The life of the Church is lived in the tension between the specificity we individually hope for and the ambiguities we corporately construct. The question of ecumenism is, “Are these ambiguities more reflective of our sin or the Lord’s grace? Are they products of healthy diversity or unhealthy carelessness and stubbornness? How hard do we press against them and when do we learn to live with them and even celebrate them? We know Jesus prayed that we who believe in him would be one, but does oneness come because of theologizing our way to agreements or in spite of our failures to see things eye-to-eye? Is unity grace or good works?”
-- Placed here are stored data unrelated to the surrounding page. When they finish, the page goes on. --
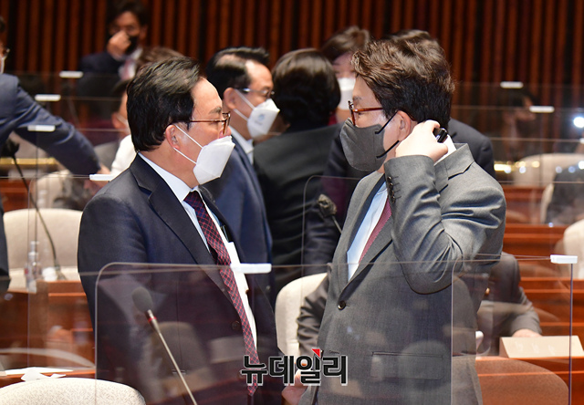 [포토] 의원들과 대화 나누는 권성동 국민의힘 원내대표
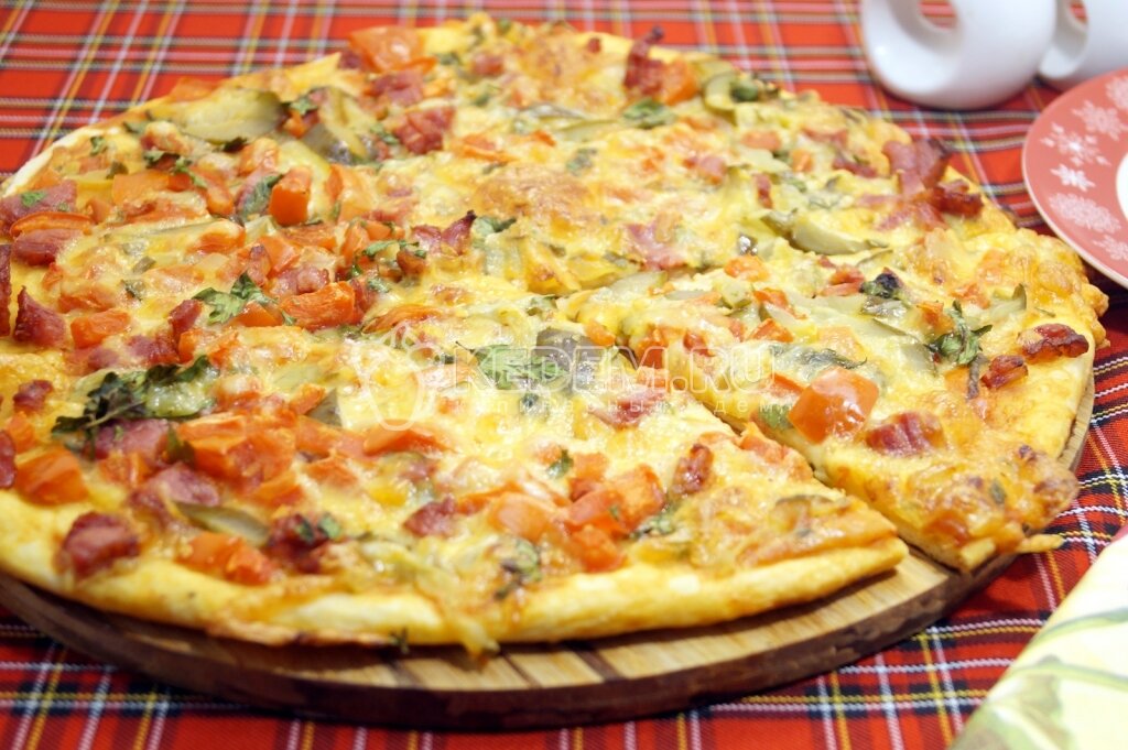 Тесто раскатать в круг, толщиной не более половины 1 см. Выложить на противень с пергаментом. Смазать томатным соусом. Для начинки сыр натереть на терке, огурцы нарезать мелкой соломкой, помидоры и копченое мясо нарезать мелкими кубиками, зелень порубить. Все смешать на блюде. Выложить начинку на тесто с соусом. Запекать в разогретой до 200 градусах С духовке 7-10 минут, до румяного цвета. Выложить на блюдо и нарезать ломтиками. Вкусная тонкая пицца готова. Можно угощать друзей и близких. Приятного аппетита!
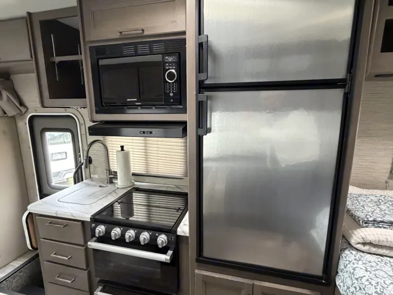 Welcome to our beautiful RV. It is fully stocked/equipped and ready for your next adventure!Our RV features 2 full size beds with mattress toppers for extra comfort. 1 queen/full bed is located over the cab and the other full bed is in the back area. The dinette turns into a twin size. Bedding, pillows and blankets are included for all beds. Our RV sleeps up to 5 people comfortable.Easy to use electric awning with LED lights, usb charging ports and 1 TVThe kitchen has a stove top, oven, microwave, fridge and freezer, and a sink with countertop.The bathroom area is spacious and is supplied with hand soap, hand sanitizer, holding tanks deodorizer, gloves, cleaning supplies, and RV toilet paper.The RV has lots of storage inside and out.
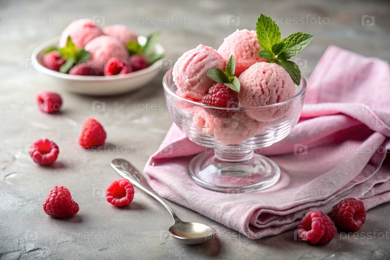 сладкий десерт. любовь к мороженому. малиновые шарики с мороженым в стеклянной миске и свежие клубники. баннер, реклама
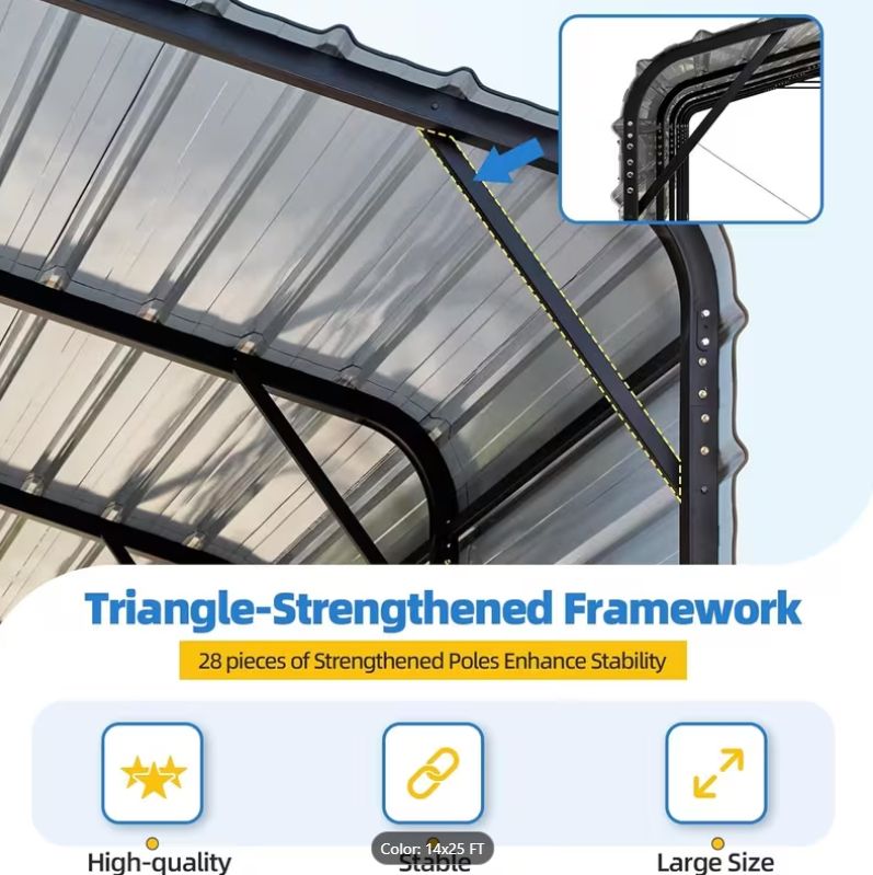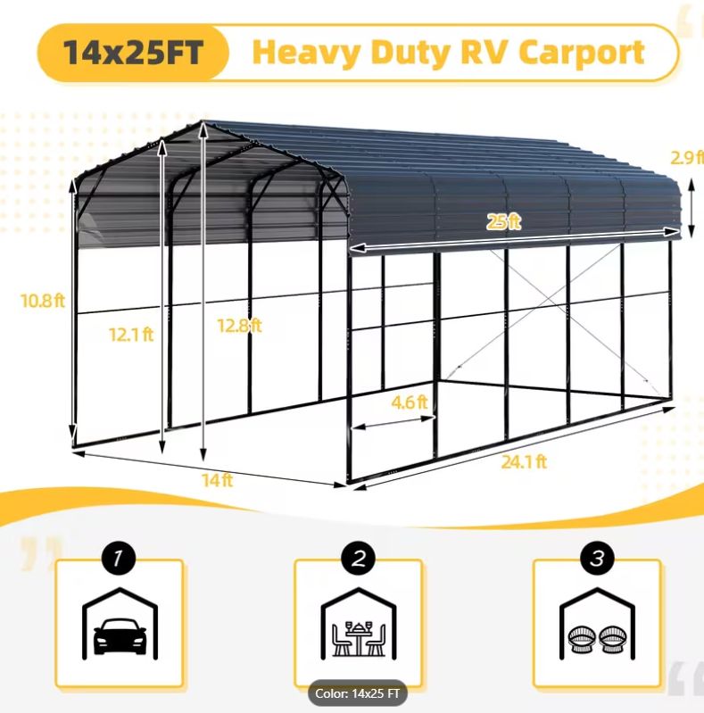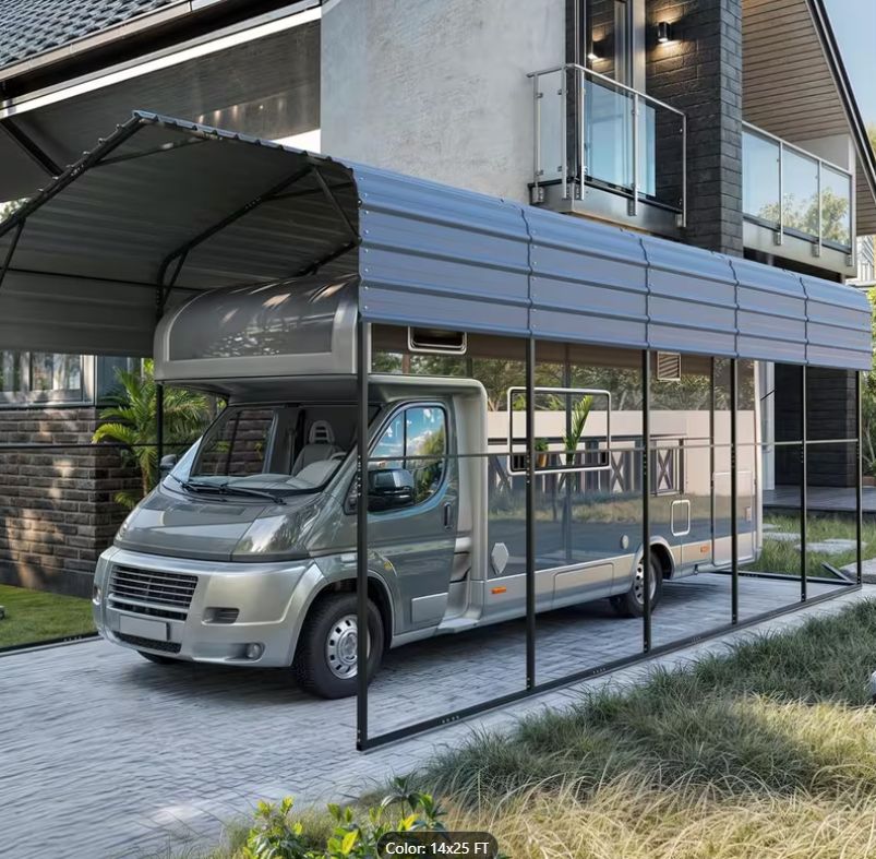 Double-High Hardened Steel RV Carport – 13x24x12'8 – Never Used We purchased this hardened steel carport in December and ended up not needing it. There wasn’t any real winter weather this year, so we took it down in January. It was never actually used. Dimensions: 13 ft wide x 24 ft long x 12 ft 8 in high It’s designed as a double-high RV carport, but it can also be set up as a single-high unit if preferred (see pictures). Either configuration works. All parts are included — nothing missing. The harder frame sections are already partially assembled, so most of the heavy work is done. You just bolt the main sections together and install the steel roof panels last with a ladder. The disassembled parts have been covered and kept out of the weather. No need to take anything apart — just load it into a truck, SUV, or trailer and go. $1,422 If you’ve looked at new ones, you know what they cost. This one is basically new without paying retail. Message me if you’d like to come see it.
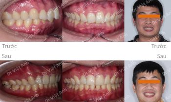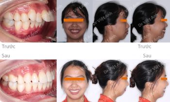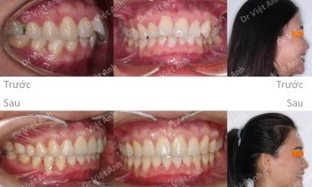 Tình trạng trước khi niềng răng tại trung tâm niềng răng chuyên sâu thạc sĩ bác sĩ nội trú Việt Anh: khách hàng cảm thấy miệng bị hô, cằm hơi lẹm, răng lộn xộn Phương án niềng răng mặt trong: nhổ 4 răng số 4 và cắm 2 vis hàm trên để kéo lùi tối…
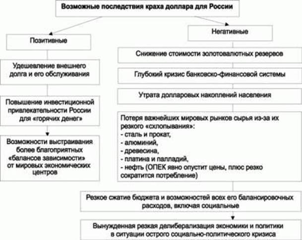 Перечисленное, на наш взгляд, в основном исчерпывает перечень крупных возможных позитивных последствий краха доллара для России и для нашей экономики.
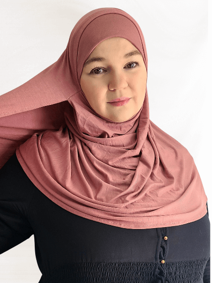 This is the double loop instant hijab with an attached matching undercap, crafted for a polished look in seconds. Both loops are sewn in to offer seamless draping and a layered silhouette without the need for pins.
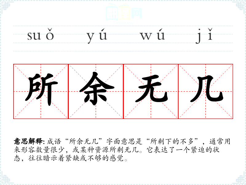 成语“所余无几”字面意思是“所剩下的不多”,通常用来形容数量很少,或某种资源所剩无几。它表达了一个紧迫的状态,往往暗示着紧缺或不够的感觉。
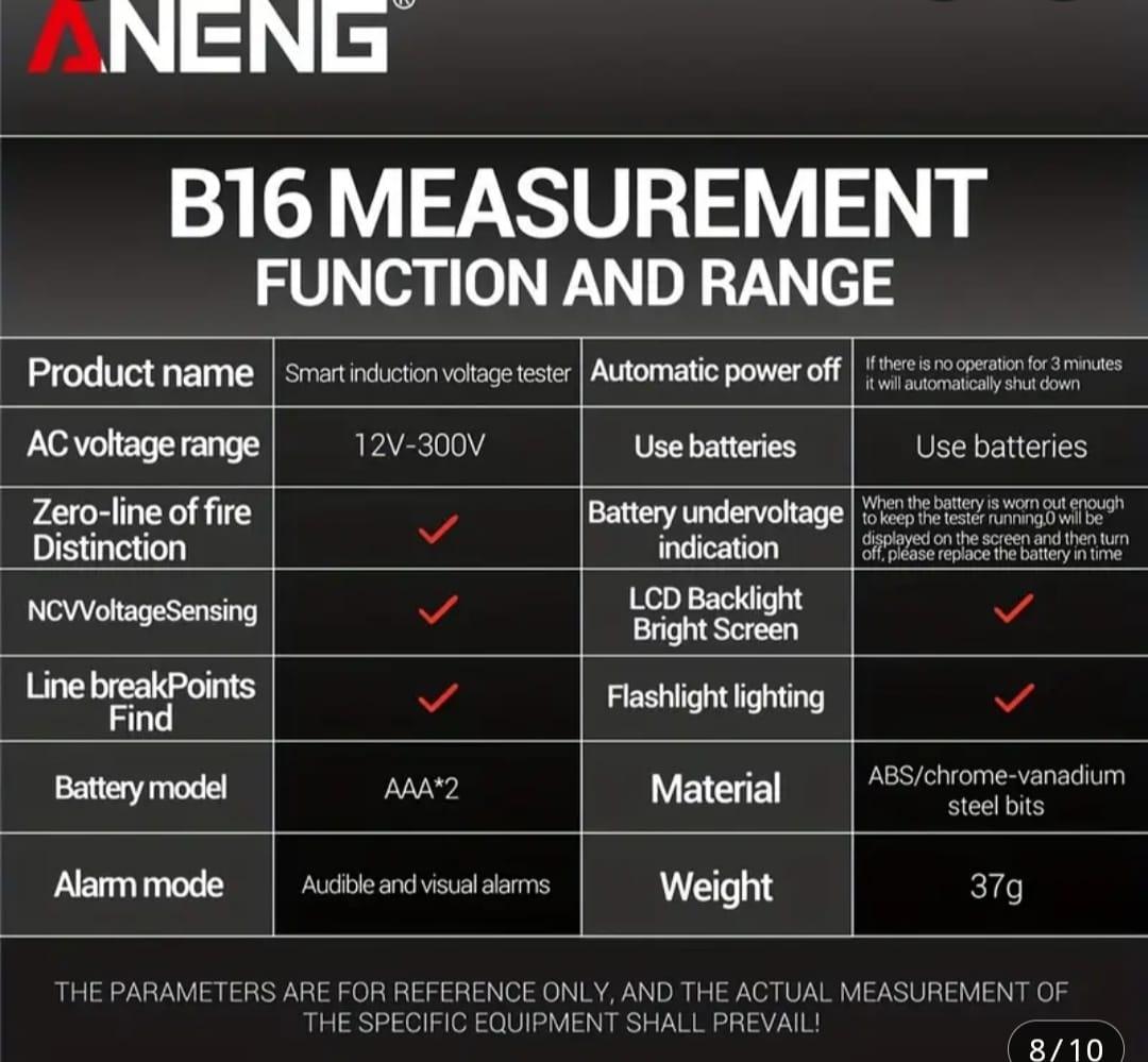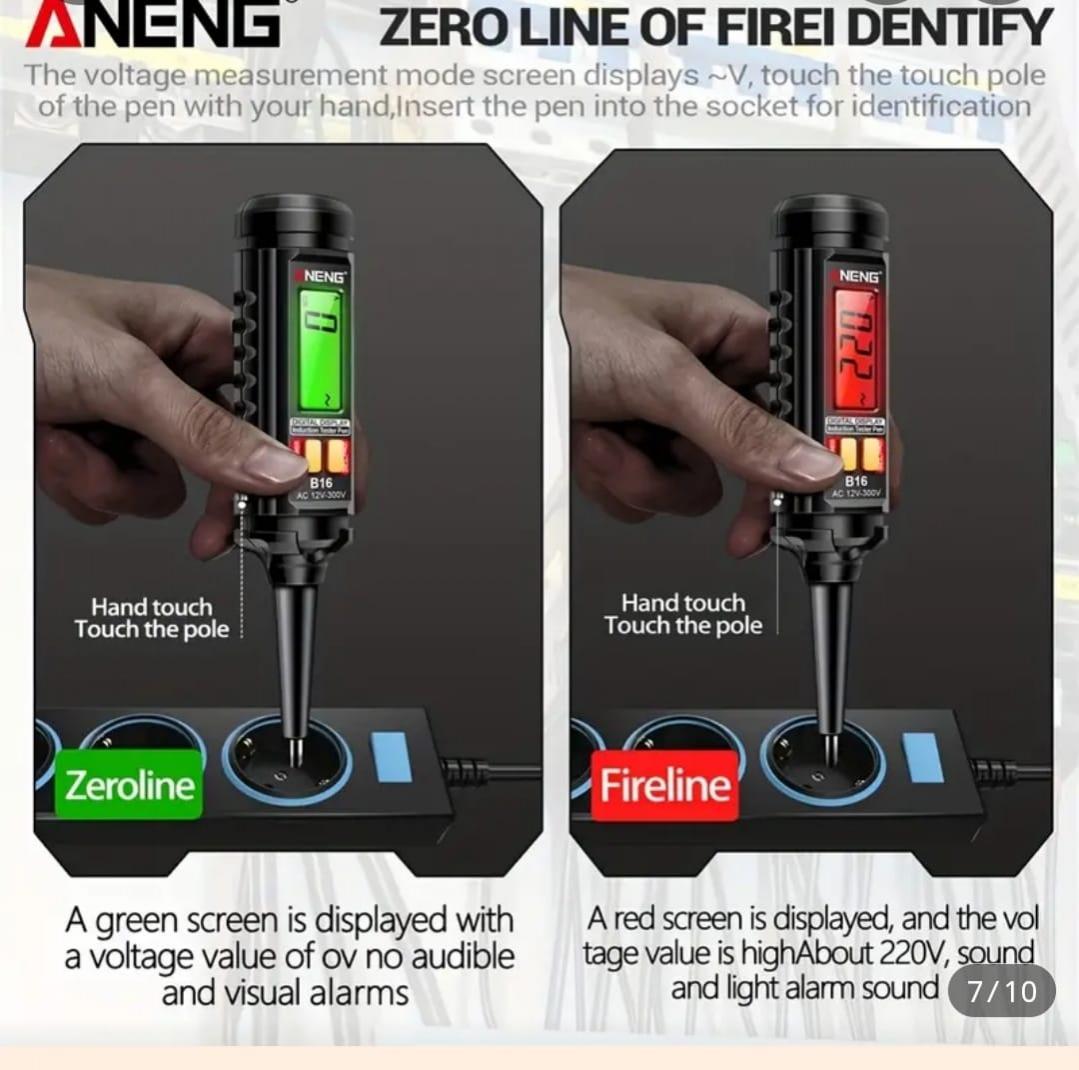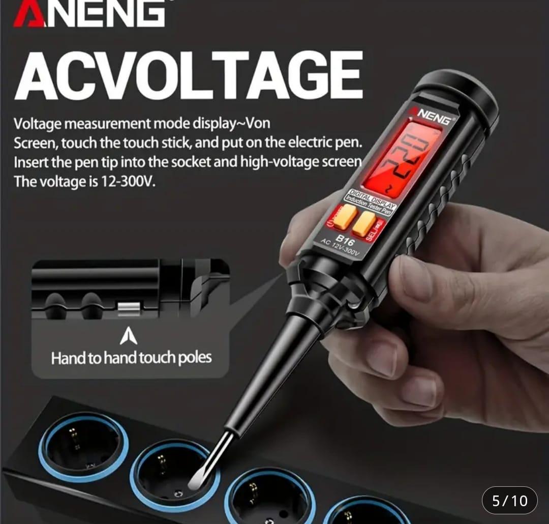 Bolígrafo medidor digital ANENG B16 con pantalla LCD retroiluminada.
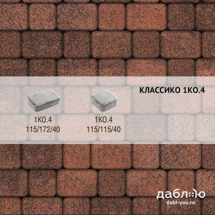 Брусчатка Выбор Классико Листопад гранит 1КО.4 Клинкер. Прекрасная альтернатива клинкерной брусчатке - вибропрессованная тротуарная плитка отечественного завода Выбор. Шикарный красно-пестрый цвет. В коллекцию входят 2 типоразмера со скругленными краями. Верхнее покрытие брусчатки - гранитная крошка. Она впресована в брусчатку более чем на 1 см в глубину. Срок службы такой брусчатки более 25 лет. Толщина 40 мм используется только для мощения пешеходных зон.Высота: 40 мм
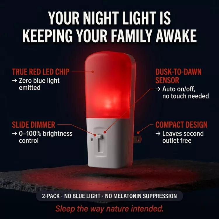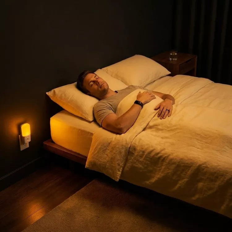 Here's something most people don't know: the standard white LED night light plugged into your wall right now is emitting the exact same blue-spectrum wavelength (460–490nm) that your smartphone screen uses to keep you alert. Clinical research shows that even low-level blue light exposure at night can suppress melatonin production by up to 50% — tricking your brain into thinking it's still daytime at 2 AM.

This issue of Let’s Talk, with gracious and hard working Frank Senn and Nicholas Zook as issue editors, is special in several ways. It is our first issue to be devoted to a concern to be addressed at an upcoming Synod Assembly: ecumenism. True to this journal’s philosophy we try to stir debate on this issue by providing a variety of perspectives, each informed by local experience and “local theology.” We try also to break the barriers and take the debate a bit beyond the confines of the specific resolutions that may surface at the Assembly.
This issue will also be the first to be targeted to all the delegates, both rostered and lay, to the Assembly. We thank the Synod’s Office of Ecumenical Relations for its grant of $300 to help us fund distribution of this issue.
We ask your help in our endeavor. We hope to reach all delegates with mailed copies of this issue in time to be read and considered before Assembly, and we will make extra copies available at the Assembly registration tables and at the table staffed by the Synod’s Office of Ecumenical Relations. But we ask all pastors of congregations to please poll their lay delegates to determine if they received a copy of this issue of Let’s Talk. If not, please photo-copy your copy and distribute it to those who need it.
Please read and study this and other materials relating to our important decisions regarding ecumenism.
Within a world of ambiguities we are clear and certain about our Lord’s passion for unity among believers. The decisions ahead of us at the 1996 MCS Assembly and the 1997 Churchwide Assembly demand from us informed and prayerful actions. Reading and responding to this issue of Let’s Talk will be a decisive step in that direction.